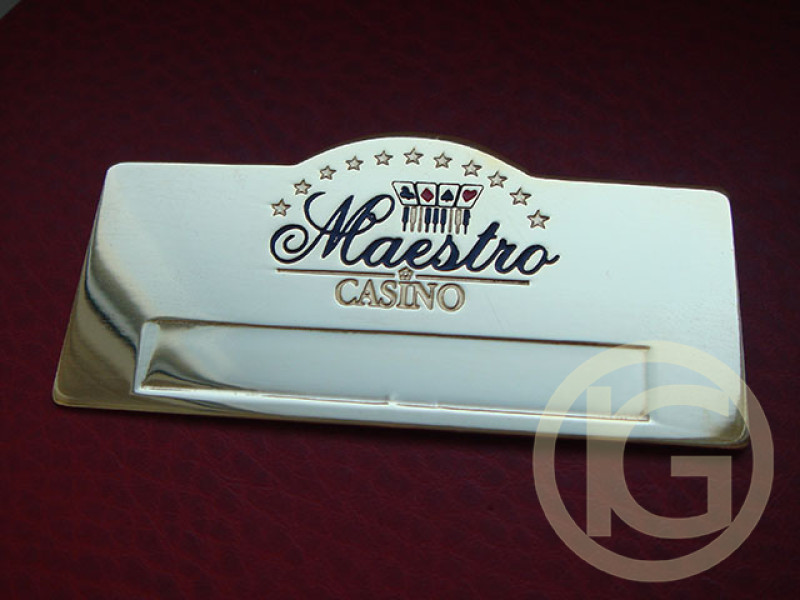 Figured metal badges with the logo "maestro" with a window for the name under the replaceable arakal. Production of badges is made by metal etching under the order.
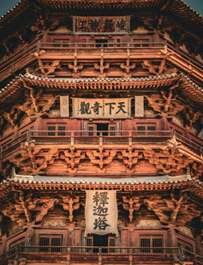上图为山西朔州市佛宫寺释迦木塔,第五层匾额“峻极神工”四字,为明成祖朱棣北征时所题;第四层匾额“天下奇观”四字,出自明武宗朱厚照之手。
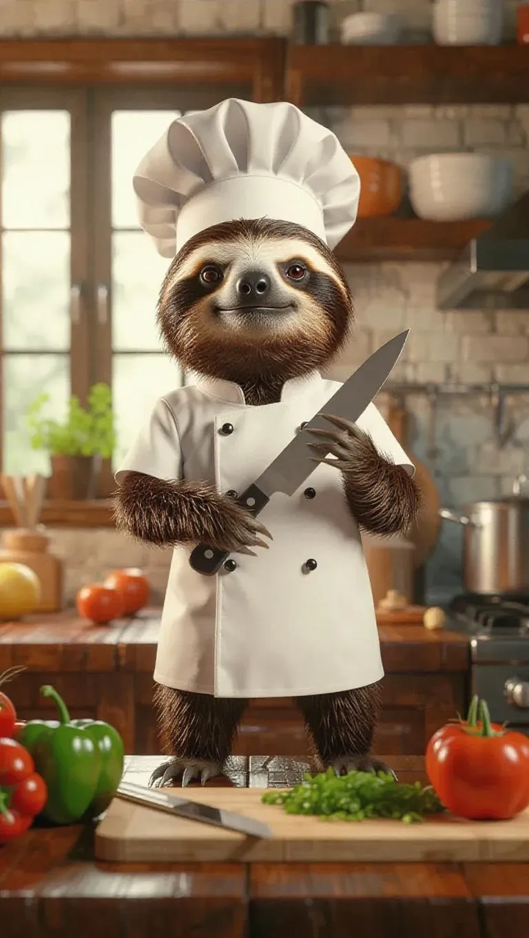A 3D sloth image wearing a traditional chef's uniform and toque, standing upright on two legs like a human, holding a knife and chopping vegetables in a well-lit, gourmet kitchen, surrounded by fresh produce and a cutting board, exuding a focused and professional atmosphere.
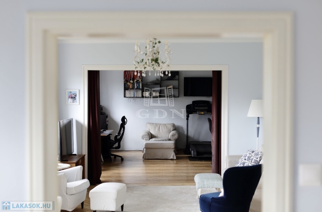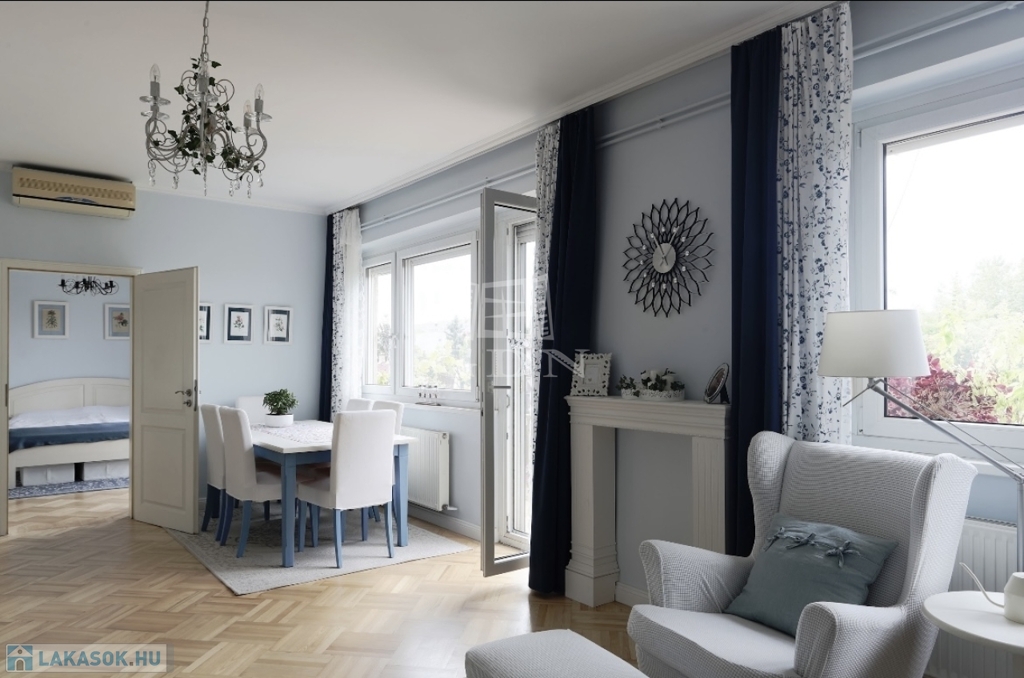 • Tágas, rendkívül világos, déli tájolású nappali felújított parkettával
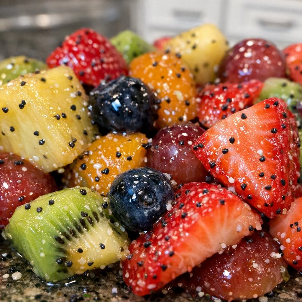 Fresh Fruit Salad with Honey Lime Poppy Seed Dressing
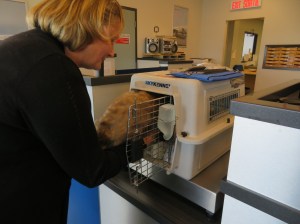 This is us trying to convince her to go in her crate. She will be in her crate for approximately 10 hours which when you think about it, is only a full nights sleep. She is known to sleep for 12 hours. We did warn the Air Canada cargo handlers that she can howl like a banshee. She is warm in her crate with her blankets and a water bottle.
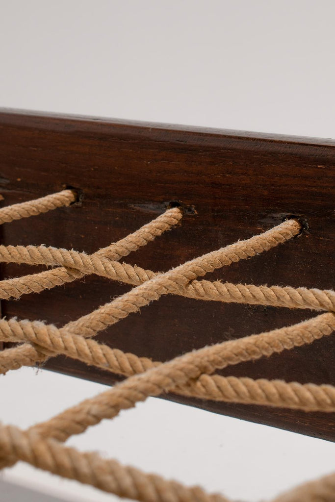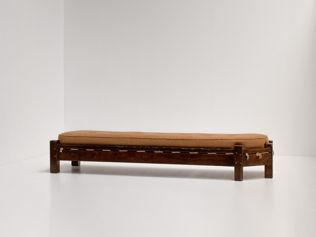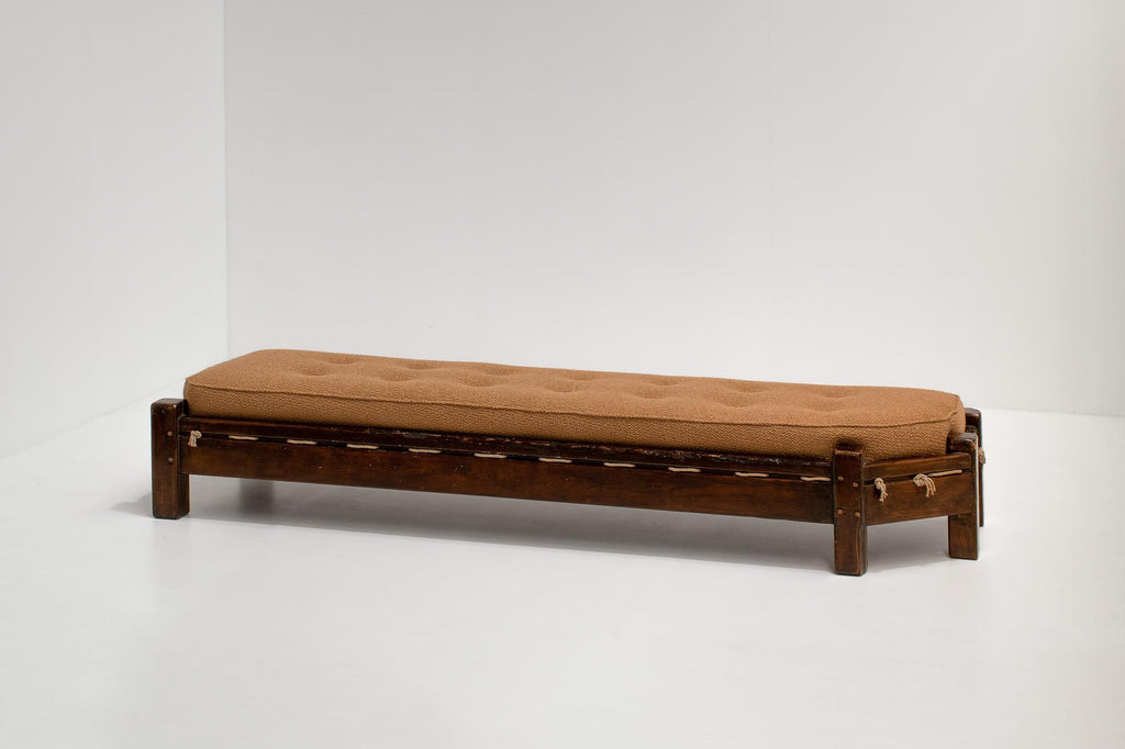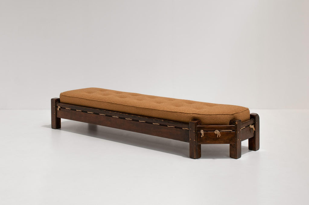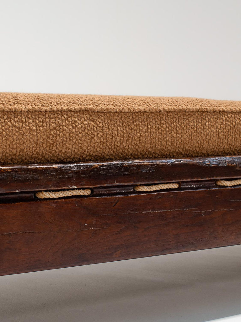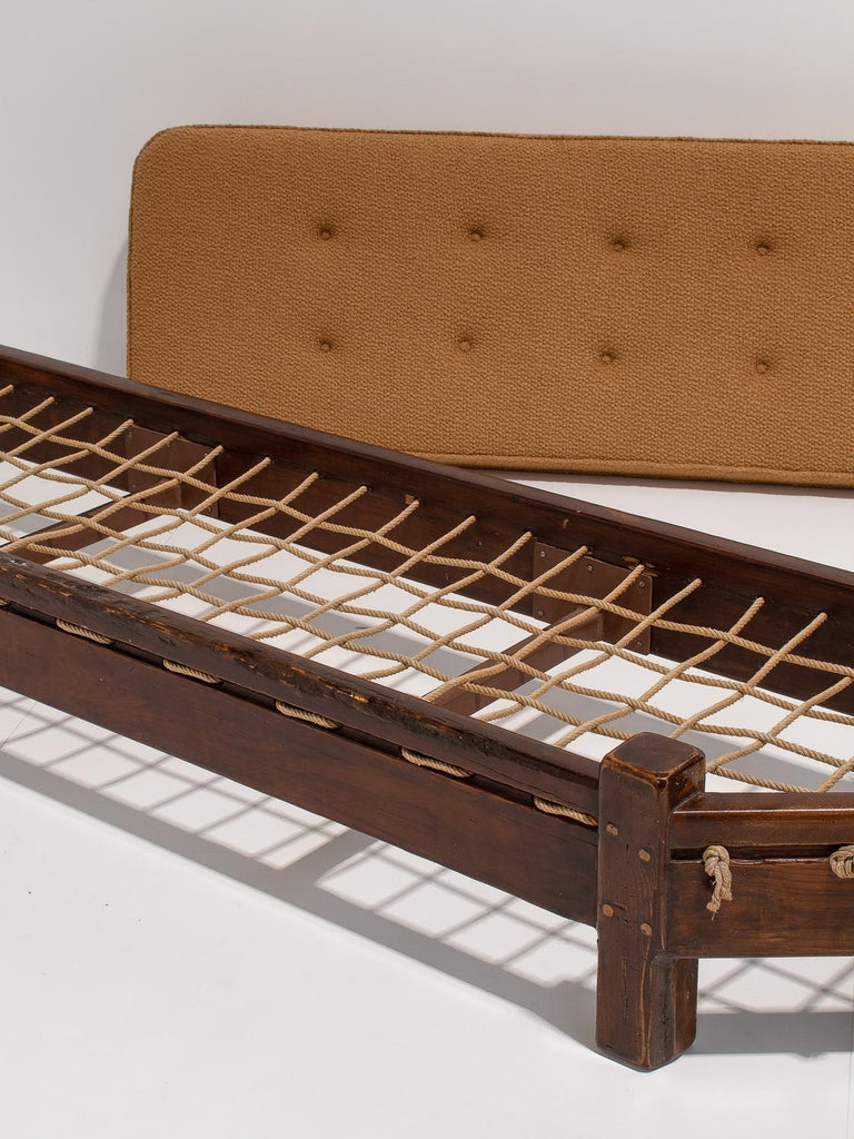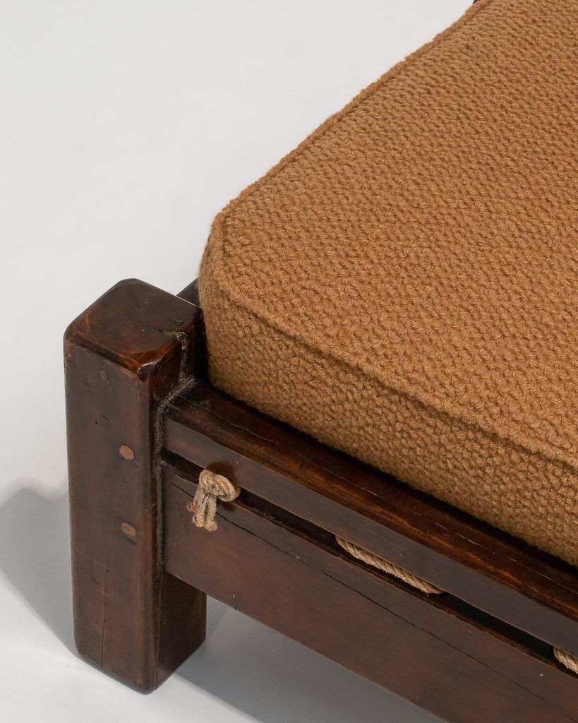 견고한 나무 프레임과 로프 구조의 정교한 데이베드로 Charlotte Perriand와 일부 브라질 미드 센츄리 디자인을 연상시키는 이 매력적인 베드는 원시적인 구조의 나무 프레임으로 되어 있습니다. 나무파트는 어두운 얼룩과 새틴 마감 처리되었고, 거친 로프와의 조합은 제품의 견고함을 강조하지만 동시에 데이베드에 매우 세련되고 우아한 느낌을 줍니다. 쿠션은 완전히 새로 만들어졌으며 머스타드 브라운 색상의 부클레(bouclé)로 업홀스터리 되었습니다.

──────

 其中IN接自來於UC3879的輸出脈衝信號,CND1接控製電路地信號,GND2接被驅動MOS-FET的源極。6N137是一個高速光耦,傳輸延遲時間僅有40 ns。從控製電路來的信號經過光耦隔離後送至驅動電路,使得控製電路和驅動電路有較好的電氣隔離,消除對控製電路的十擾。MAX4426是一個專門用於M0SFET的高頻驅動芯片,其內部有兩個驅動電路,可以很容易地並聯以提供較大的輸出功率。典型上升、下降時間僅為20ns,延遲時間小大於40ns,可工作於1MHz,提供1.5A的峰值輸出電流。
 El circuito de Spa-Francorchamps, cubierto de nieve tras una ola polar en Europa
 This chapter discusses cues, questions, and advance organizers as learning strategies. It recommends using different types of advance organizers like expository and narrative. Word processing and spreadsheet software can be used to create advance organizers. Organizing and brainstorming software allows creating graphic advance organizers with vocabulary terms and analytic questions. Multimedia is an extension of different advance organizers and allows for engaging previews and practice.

──────

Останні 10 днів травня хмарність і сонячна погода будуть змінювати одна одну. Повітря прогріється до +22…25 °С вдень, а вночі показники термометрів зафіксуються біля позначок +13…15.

──────

→ **Task instructions**
With pictures omitted, repeat the entries above word for word from the line holding "Figured metal badges" down to the line holding "Fresh Fruit Salad", keeping both of those lines.

→ **Exercise solution**
 Figured metal badges with the logo "maestro" with a window for the name under the replaceable arakal. Production of badges is made by metal etching under the order.
上图为山西朔州市佛宫寺释迦木塔,第五层匾额“峻极神工”四字,为明成祖朱棣北征时所题;第四层匾额“天下奇观”四字,出自明武宗朱厚照之手。
A 3D sloth image wearing a traditional chef's uniform and toque, standing upright on two legs like a human, holding a knife and chopping vegetables in a well-lit, gourmet kitchen, surrounded by fresh produce and a cutting board, exuding a focused and professional atmosphere.
 • Tágas, rendkívül világos, déli tájolású nappali felújított parkettával
 Fresh Fruit Salad with Honey Lime Poppy Seed Dressing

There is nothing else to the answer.